## Work required
Could you output each line below exactly as it appears, excluding any pictures?
Segment Start: Provided entries
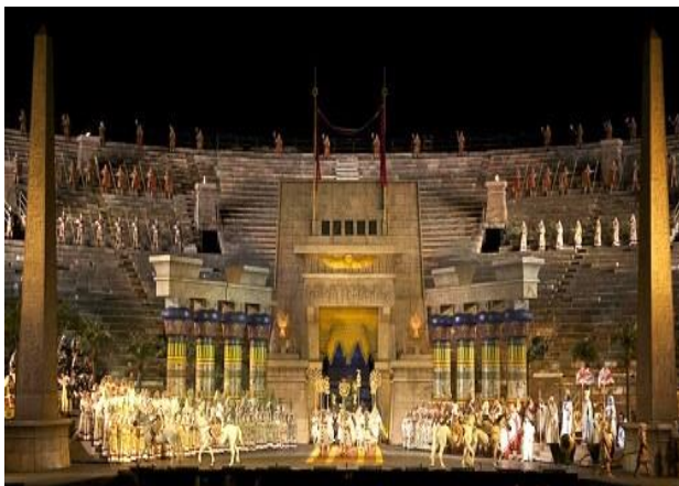
Όπερα Aida στο θέατρο Arena
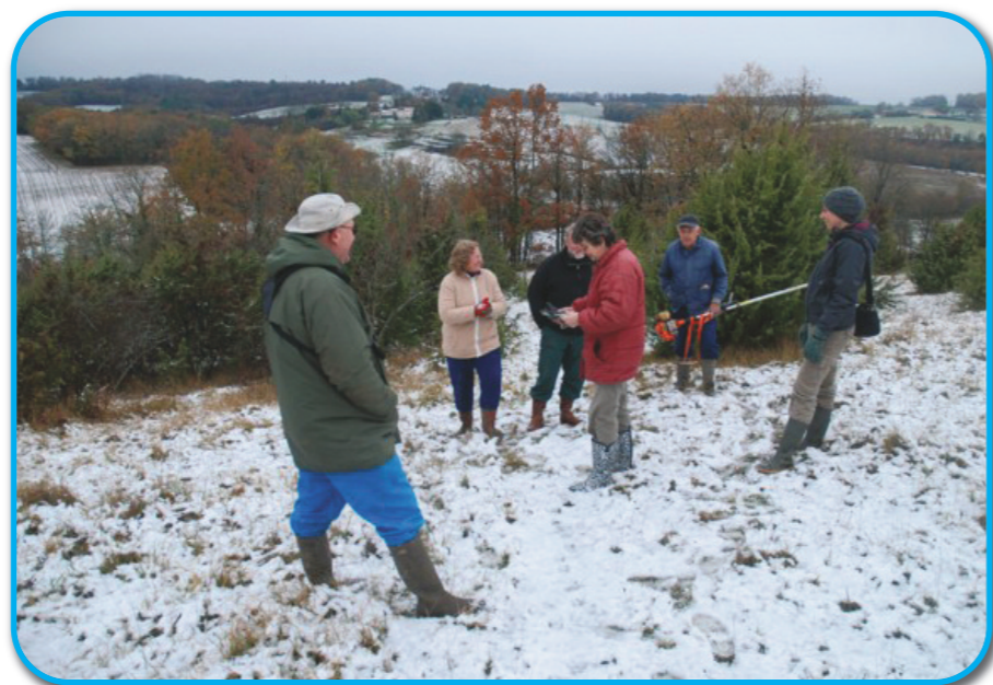
Ci-dessous : Rendez-vous sous la neige pour un débroussaillage inédit, à Juignac (16). Janvier 2011. Voir article «activités 2011», pages 4 à 6
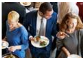
VERGADERINGEN & BIJENKOMSTEN
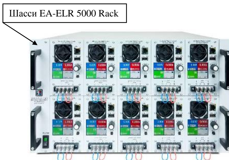
Рисунок 2 - Общий вид нагрузок серии EA-ELR 5000 в шасси EA-ELR 5000 Rack
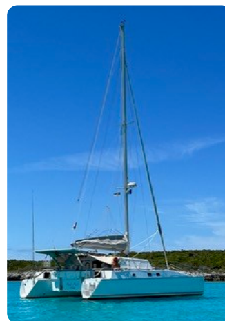
15 von hinten
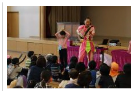
【なおやマンによるエンターテインメントショー】
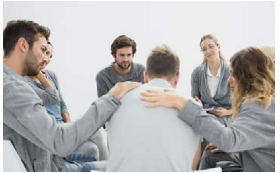
La terapia cognitivo-conductual y los grupos de apoyo son fundamentales para reducir el consumo de alcohol.

Una de las principales razones por las que tanto el tabaco como el alcohol siguen siendo tan prevalentes en la sociedad es la dependencia que generan. La
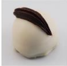
0001 Brasil Witte roomcrème met Irish coffee
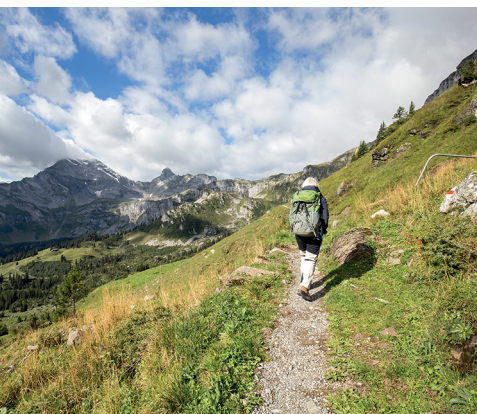
Ascension vers Bützi. L'imposant sommet à gauche est l'Ortstock.

Vente de fromage de brebis et de chèvre sur le Charetalp
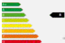
A3 Sportback sport 30 TFSI 85(116) kW(PS) 6-Gang

Kraftstoffverbrauch nach 99/94/EG in l/100 km: primär: innerorts 6,0/ außerorts 4,6/ kombiniert 5,1/CO2 -Emission g/km: 117, Energieeffizienz: B
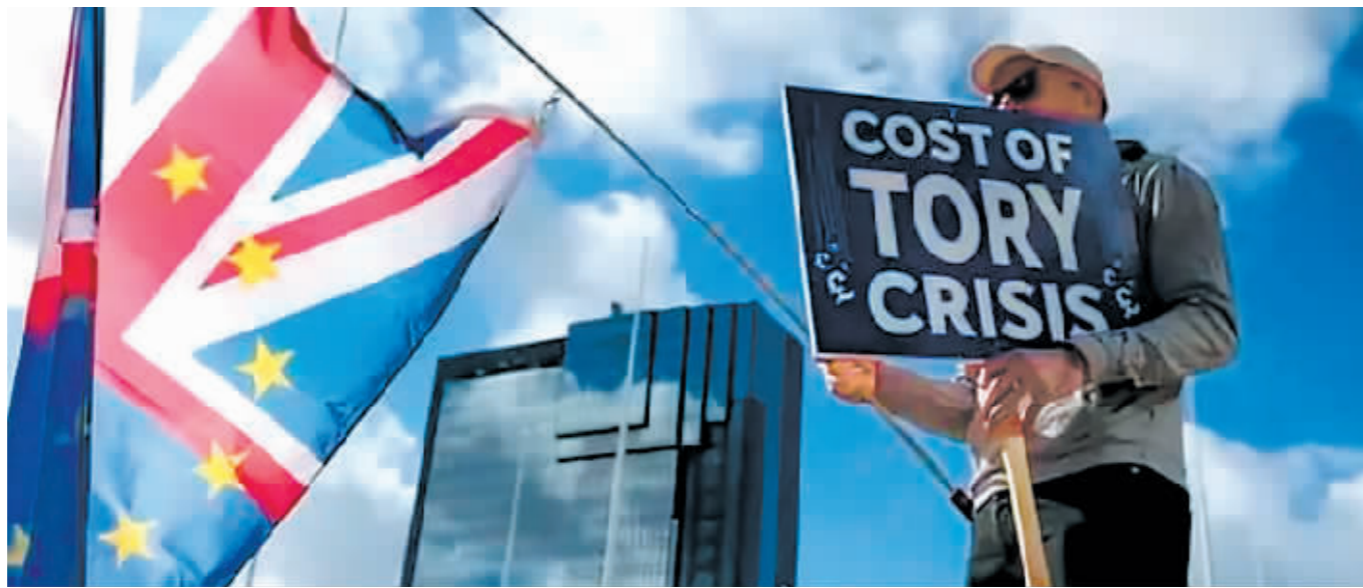
保守党年度秋季会议会场外,一名抗议者举着标语牌,上面写着“保守党危机的代价”。
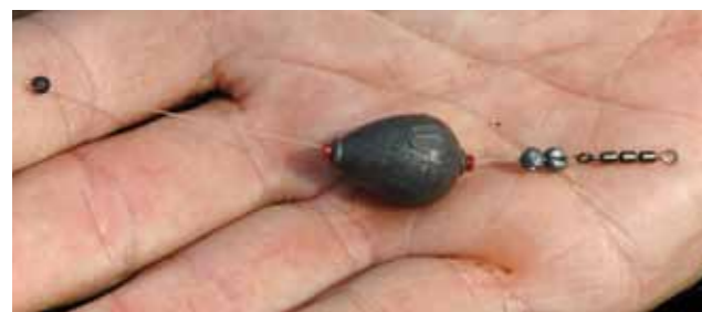
Onder het tonwarteltje komt de schokbreker van 20/00 mm fluorocarbon met onderaan het bulklood met zo'n 5 cm speling. Daaronder volgt een ton- of triowarteltje en de 1 meter lange onderlijn.
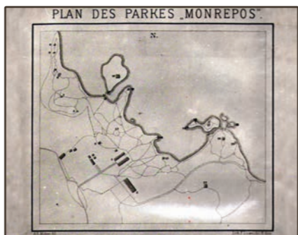
У. Э. Моден. План 1875 г.
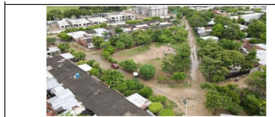
ESTADO Y CONDICIÓN GENERAL INTERIOR DEL PREDIO
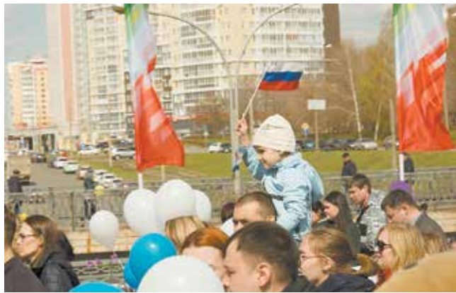
Времена меняются, а Первомай остаётся
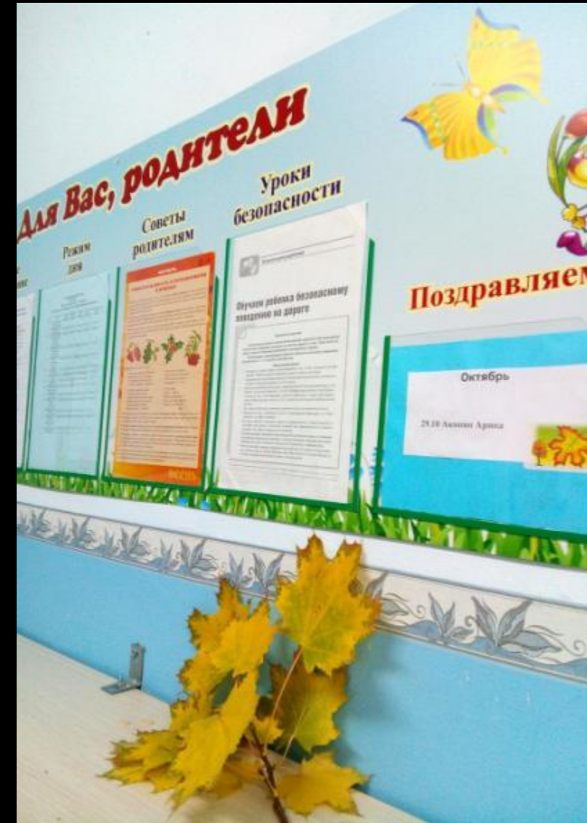
Среда для диалога с родителями
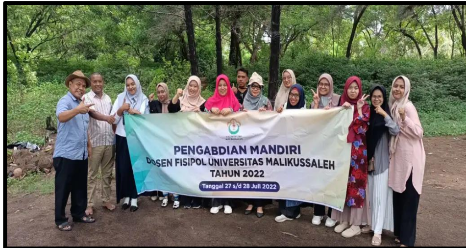
Gambar 6. Semnagat Tim Pelaksana Pengabdian
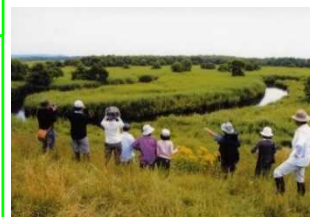
キラコタン岬からの眺望

鶴居村は、冷涼な気候を活かした酪農業や林業が盛んな地域です。緩やかな丘陵が続く農村景観のほか、日本一の大きさの釧路湿原がありタンチョウヅルなどの野鳥やエゾシカなどの野生生物と出逢うことができます。農泊地域ならではの都市部ではない、農業体験や地元の人々との交流など農泊地域ならではのステイを楽しむことができます。
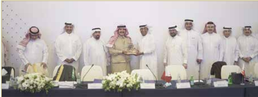
جانب من اجتماع مجلس الأعمال البحريني السعودي المشترك

وشمل جدول أعمال اجتماع مجلس الأعمال البحريني السعودي المشترك عرضاً عن الفرص الاستثمارية في البحرين من قبل مجلس التنمية الاقتصادية، والتوجهات الاستراتيجية في ضوء قراءات المتغيرات في المشهد الاقتصادي. وتلى ذلك، مناقشة آليات ومتطلبات تعزيز التجارة البينية بين السعودية والبحرين، وتشكيل لجان مشتركة في القطاعات المستهدفة، كما قدم الجانب السعودي عرضاً مرئياً عن الطاقة المتجددة للبيئة والقرى النائية ضمن خطة استراتيجية شاملة للطاقة المتجددة والهيدروجين الأخضر في الوطن العربي، وفرص تعزيز العلاقات المشتركة بين البلدين الشقيقين وتطورات الجسر الموازي، وعددًا من الفرص الاستثمارية في قطاع النقل والخدمات اللوجستية.
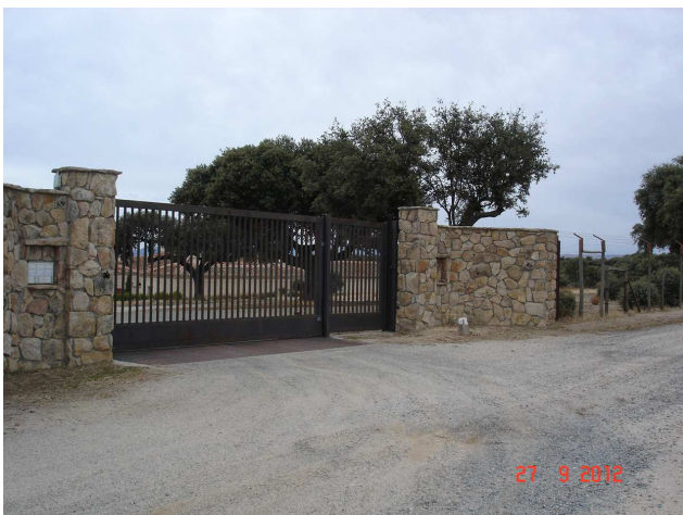
Entrada a la finca. La puerta tiene portero automático con al menos 11 direcciones.
Segment End: Provided entries
## Your response
Όπερα Aida στο θέατρο Arena
Ci-dessous : Rendez-vous sous la neige pour un débroussaillage inédit, à Juignac (16). Janvier 2011. Voir article «activités 2011», pages 4 à 6
VERGADERINGEN & BIJENKOMSTEN
Рисунок 2 - Общий вид нагрузок серии EA-ELR 5000 в шасси EA-ELR 5000 Rack
15 von hinten
【なおやマンによるエンターテインメントショー】
La terapia cognitivo-conductual y los grupos de apoyo son fundamentales para reducir el consumo de alcohol.

Una de las principales razones por las que tanto el tabaco como el alcohol siguen siendo tan prevalentes en la sociedad es la dependencia que generan. La
0001 Brasil Witte roomcrème met Irish coffee
Ascension vers Bützi. L'imposant sommet à gauche est l'Ortstock.

Vente de fromage de brebis et de chèvre sur le Charetalp
A3 Sportback sport 30 TFSI 85(116) kW(PS) 6-Gang

Kraftstoffverbrauch nach 99/94/EG in l/100 km: primär: innerorts 6,0/ außerorts 4,6/ kombiniert 5,1/CO2 -Emission g/km: 117, Energieeffizienz: B
保守党年度秋季会议会场外,一名抗议者举着标语牌,上面写着“保守党危机的代价”。
Onder het tonwarteltje komt de schokbreker van 20/00 mm fluorocarbon met onderaan het bulklood met zo'n 5 cm speling. Daaronder volgt een ton- of triowarteltje en de 1 meter lange onderlijn.
У. Э. Моден. План 1875 г.
ESTADO Y CONDICIÓN GENERAL INTERIOR DEL PREDIO
Времена меняются, а Первомай остаётся
Среда для диалога с родителями
Gambar 6. Semnagat Tim Pelaksana Pengabdian
キラコタン岬からの眺望

鶴居村は、冷涼な気候を活かした酪農業や林業が盛んな地域です。緩やかな丘陵が続く農村景観のほか、日本一の大きさの釧路湿原がありタンチョウヅルなどの野鳥やエゾシカなどの野生生物と出逢うことができます。農泊地域ならではの都市部ではない、農業体験や地元の人々との交流など農泊地域ならではのステイを楽しむことができます。
جانب من اجتماع مجلس الأعمال البحريني السعودي المشترك

وشمل جدول أعمال اجتماع مجلس الأعمال البحريني السعودي المشترك عرضاً عن الفرص الاستثمارية في البحرين من قبل مجلس التنمية الاقتصادية، والتوجهات الاستراتيجية في ضوء قراءات المتغيرات في المشهد الاقتصادي. وتلى ذلك، مناقشة آليات ومتطلبات تعزيز التجارة البينية بين السعودية والبحرين، وتشكيل لجان مشتركة في القطاعات المستهدفة، كما قدم الجانب السعودي عرضاً مرئياً عن الطاقة المتجددة للبيئة والقرى النائية ضمن خطة استراتيجية شاملة للطاقة المتجددة والهيدروجين الأخضر في الوطن العربي، وفرص تعزيز العلاقات المشتركة بين البلدين الشقيقين وتطورات الجسر الموازي، وعددًا من الفرص الاستثمارية في قطاع النقل والخدمات اللوجستية.
Entrada a la finca. La puerta tiene portero automático con al menos 11 direcciones.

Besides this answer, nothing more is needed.